WESTWOOD—The Westwood High School yearbook for 1944–1945 featured this page of students who, having reached enlistment age prior to graduation, had already joined the military during World War II. On the cusp of manhood, these teenagers left their families, their friends, to be shipped to overseas battlefields and unknown fates in service to their country. As the saying goes, “Freedom isn’t free.”
With Westwood and Park Ridge being the only high schools in the Pascack Valley at that time, kids attending the Westwood campus—which back then was a large brick building on Fourth Avenue—came from that borough, plus Washington Township, Emerson, Hillsdale, River Vale, and beyond.

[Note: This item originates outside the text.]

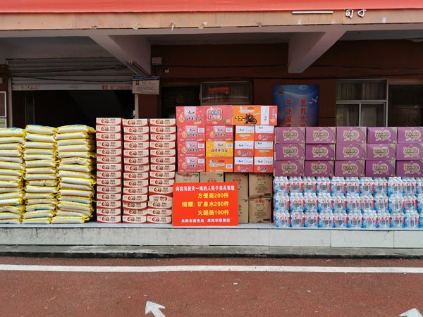 當天上午,阜陽(yáng)華聯(lián)集團為他們送去了200件礦泉水、200件方便面、100件火腿腸。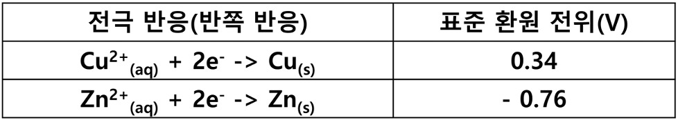 (E∘) = (+)극의 표준 환원 전위 - (-)극의 표준 환원 전위 = (+)극의 표준 환원 전위 + (-)극의 표준 산화 전위

Accompanying text on the facing yearbook page reads, “The seniors have spoken many times of the absent members of their class who would have graduated with them in June were it not for the war. These classmates are now at various foreign stations. The winter in western Europe has been severe, requiring as much effort to overcome as the enemy. The South Pacific is the other weather extreme, steaming jungles with their constant threat of fever and disease, ripping coral reefs sharp as razors, poor drinking water, and a more fanatical adversary.
A number of those who will graduate in June will be called upon to face some of these hardships. May 1945 be the year of a final victory and a speedy return home.”
Indeed, 1945 did bring that victory. The six-year conflict officially ended on Sept. 2, 1945, just before the beginning of the next school year. Many childhood friends would return home, but not all.
So many teenagers around the United States enlisted in the military prior to graduating that in 1942 the General Education Development (GED) Test was developed. The test was intended to provide young military men with the educational credentials they would need to procure a job upon their return to civilian life.
Americans will commemorate Veterans Day this Thursday, Nov. 11. The staff of Pascack Press wishes to express our gratitude to all of the men and women, past and present, who have served in our nation’s armed forces.